**What you need to do**
All of the records below are to be given again word for word, with the pictures removed.

■ ■ ■ ■

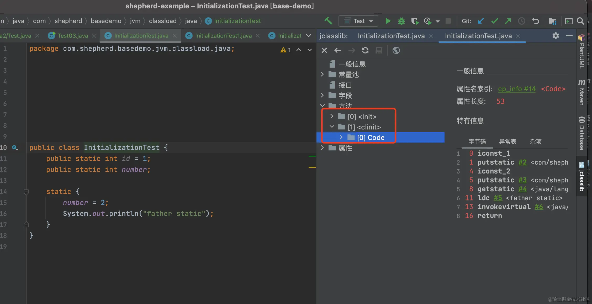 就能看到如下信息了:可以看到有初始化执行的方法:<clinit>
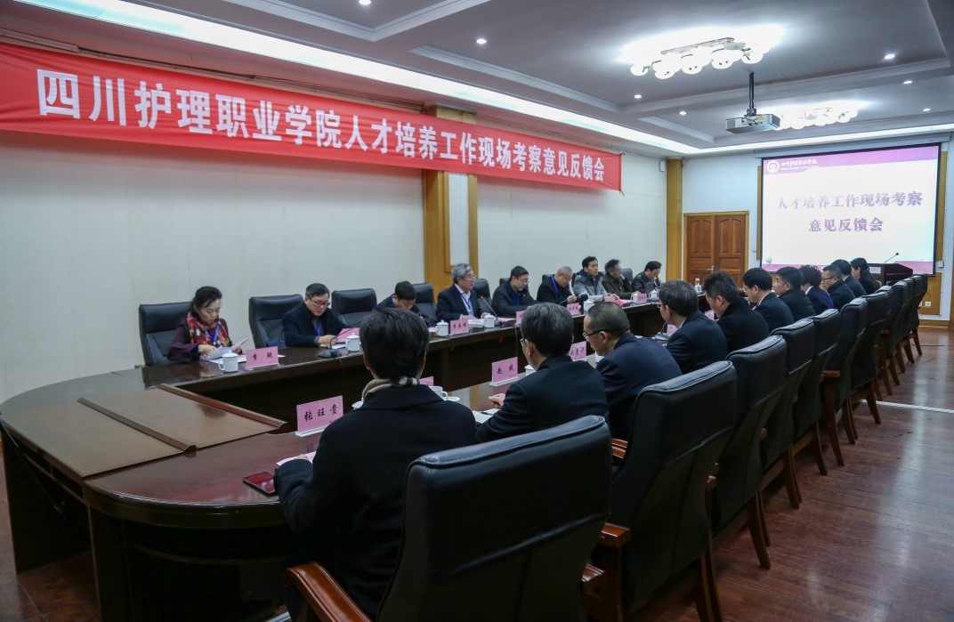12月14日上午,76net必赢线路检测中心人才培养工作评估反馈会在成都校区召开。专家组全体成员、省教育厅二级巡视员(高教处处长)杨亚培、省卫生健康委副主任赵汝鹏、省教育厅高教处副处长程远东、省卫生健康委人教处正处级调研员方晓明,德阳市教育局副局长王泽源、高职办主任张旺贵出席会议,学院领导、全体中层干部、教师及学生代表参加会议。会议由专家组副组长沈彬教授主持。
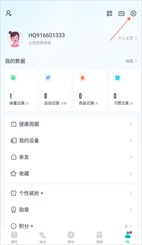 1、在“我”页面点击右上角的“设置”
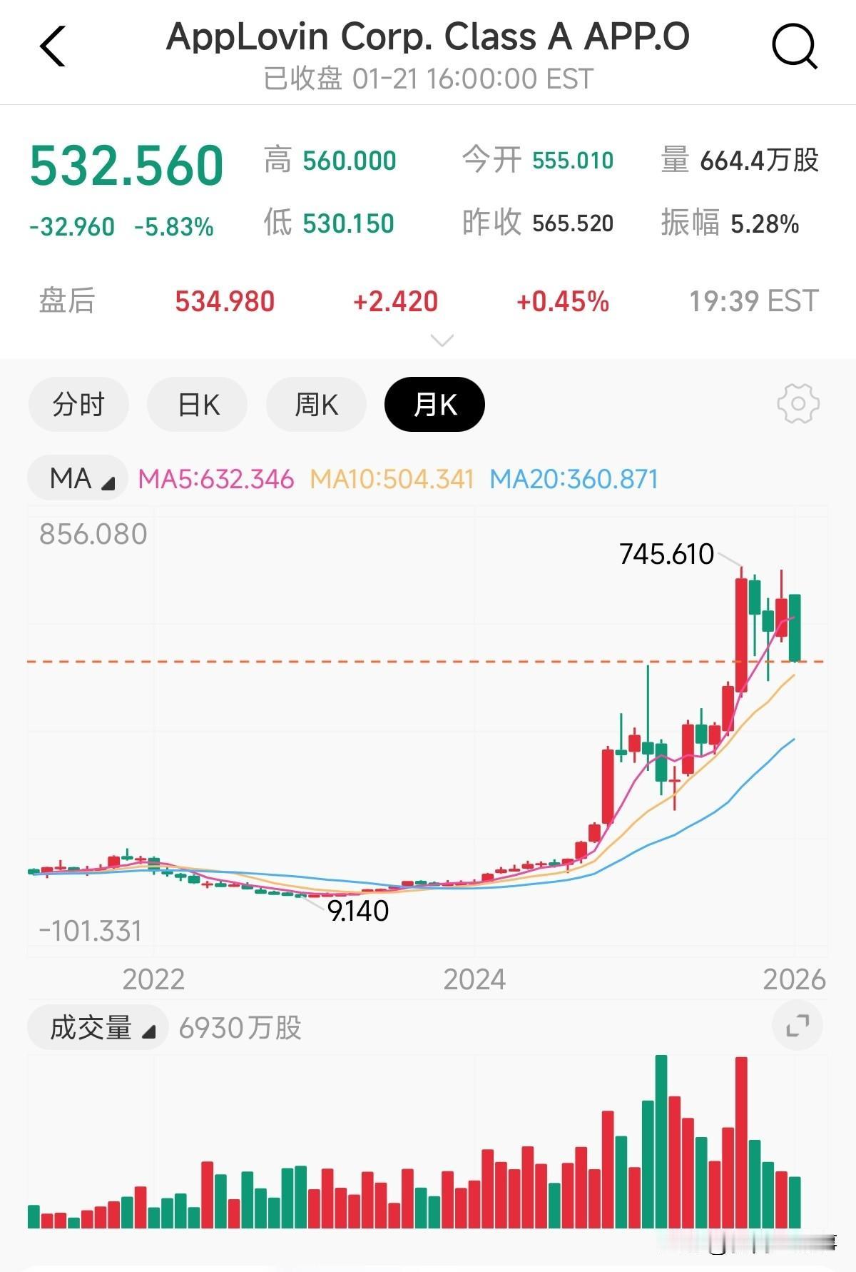 美股的股王不是英伟达,也不是谷歌,而是一家名叫 applovin的 Ai应用公司,其主营业务实际上就是用Ai配对广告,赶上了这一轮美股牛市过去三年这家公司的股价从9 美元飙涨到了740 多美元,上涨80 多倍,这可比英伟达等老登股疯狂多了。最牛的是去年这家公司顶着轮番做空的压力,股价翻了三倍多,让空军也压力山大。
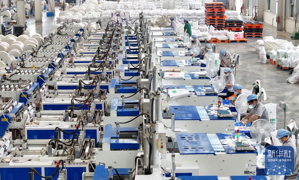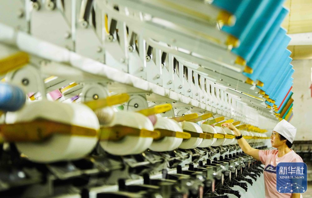 ↑ 10月1日,工人在河北省遵化市高强化纤有限公司车间工作。新华社发(刘满仓摄)
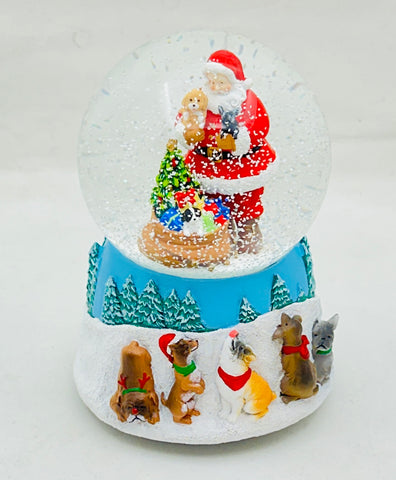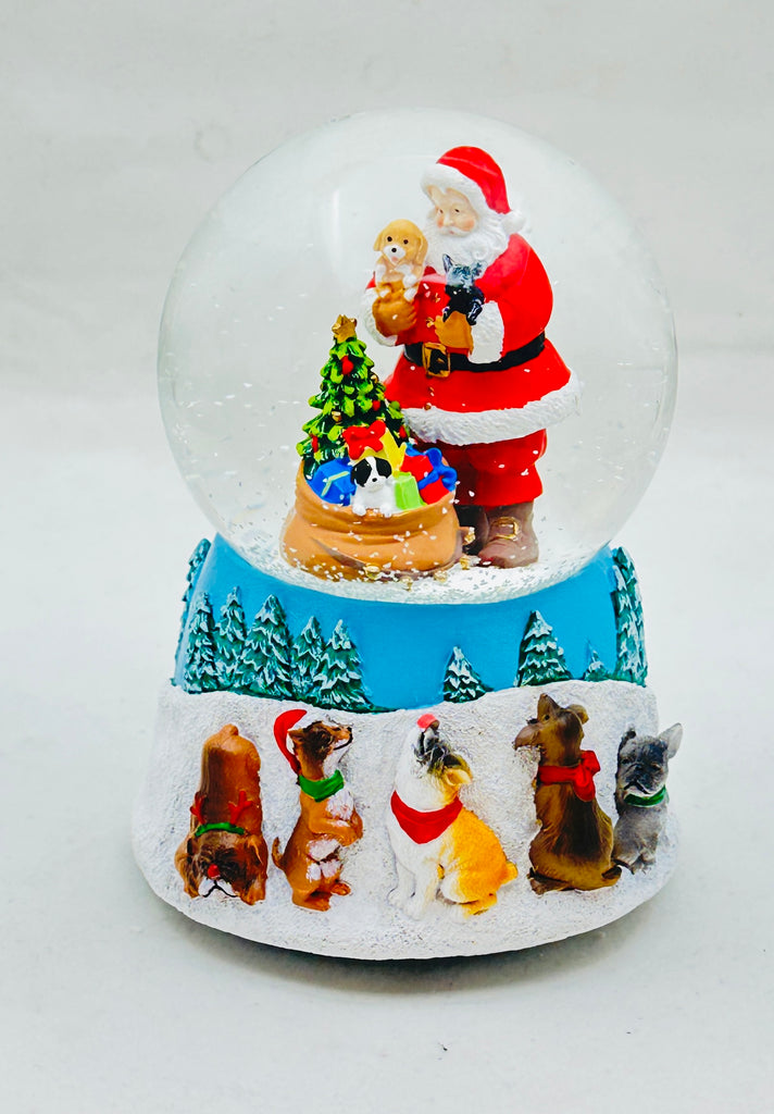 For that Dog Lover, Musical Puppies w/Santa. Playing the tune: We Wish You a Merry Christmas. Made of Resin and Glass and measures 4.75 x 3.5 80mm dome
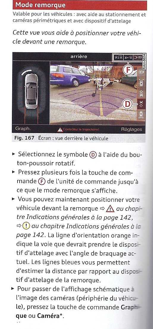 bonjour à tous , je possède une a6 c7 avec crochet d'attelage seconde monte westfalia, jusque la tout est normal. je m’aperçois que sur la monte audi pivotant il y a un connecteur supplémentaire Ma premier question : c'est un connecteur à combien de fils ? deuxième : ou arrive ces fils sur le boitier 4g8907383 avec codage 01090000000 le pourquoi du comment, je peux lire dans le manuel la chose suivante : sauf que je possede les cameras périmetrique mais je n'arrive pas à activer cette fonction ? je ne peux mettre 010908 en codage car le 08 me génère un défaut lorsque l'on lit le module 10 parklife j'ai crochet d'attelage manuel et non l'autre choix attelage électrique. Si quelqu'un possède la fonction, je suis tout ouïe Merci -
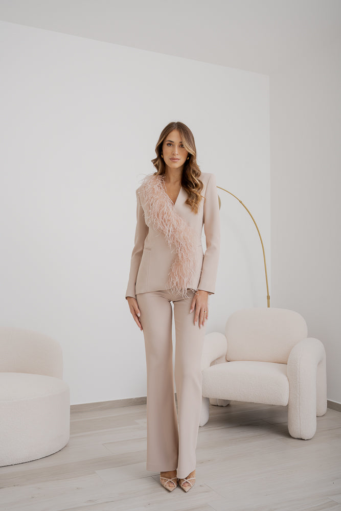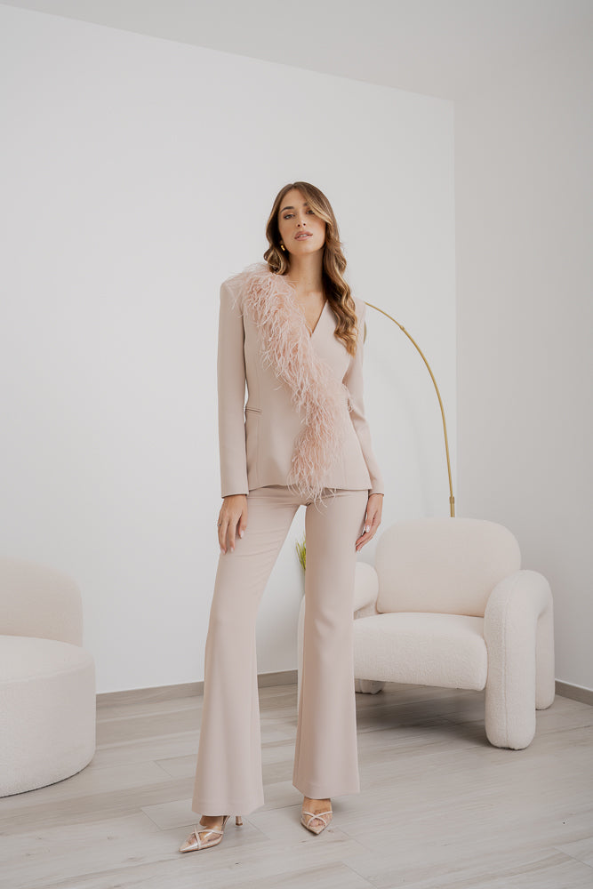 Pantalone Macra, pantalone a zampa vita alta con bustino e zip posteriore a scomparsa.

■ ■ ■ ■

**Response area**
 就能看到如下信息了:可以看到有初始化执行的方法:<clinit>
12月14日上午,76net必赢线路检测中心人才培养工作评估反馈会在成都校区召开。专家组全体成员、省教育厅二级巡视员(高教处处长)杨亚培、省卫生健康委副主任赵汝鹏、省教育厅高教处副处长程远东、省卫生健康委人教处正处级调研员方晓明,德阳市教育局副局长王泽源、高职办主任张旺贵出席会议,学院领导、全体中层干部、教师及学生代表参加会议。会议由专家组副组长沈彬教授主持。
 1、在“我”页面点击右上角的“设置”
 美股的股王不是英伟达,也不是谷歌,而是一家名叫 applovin的 Ai应用公司,其主营业务实际上就是用Ai配对广告,赶上了这一轮美股牛市过去三年这家公司的股价从9 美元飙涨到了740 多美元,上涨80 多倍,这可比英伟达等老登股疯狂多了。最牛的是去年这家公司顶着轮番做空的压力,股价翻了三倍多,让空军也压力山大。
 ↑ 10月1日,工人在河北省遵化市高强化纤有限公司车间工作。新华社发(刘满仓摄)
 For that Dog Lover, Musical Puppies w/Santa. Playing the tune: We Wish You a Merry Christmas. Made of Resin and Glass and measures 4.75 x 3.5 80mm dome
 bonjour à tous , je possède une a6 c7 avec crochet d'attelage seconde monte westfalia, jusque la tout est normal. je m’aperçois que sur la monte audi pivotant il y a un connecteur supplémentaire Ma premier question : c'est un connecteur à combien de fils ? deuxième : ou arrive ces fils sur le boitier 4g8907383 avec codage 01090000000 le pourquoi du comment, je peux lire dans le manuel la chose suivante : sauf que je possede les cameras périmetrique mais je n'arrive pas à activer cette fonction ? je ne peux mettre 010908 en codage car le 08 me génère un défaut lorsque l'on lit le module 10 parklife j'ai crochet d'attelage manuel et non l'autre choix attelage électrique. Si quelqu'un possède la fonction, je suis tout ouïe Merci -
 Pantalone Macra, pantalone a zampa vita alta con bustino e zip posteriore a scomparsa.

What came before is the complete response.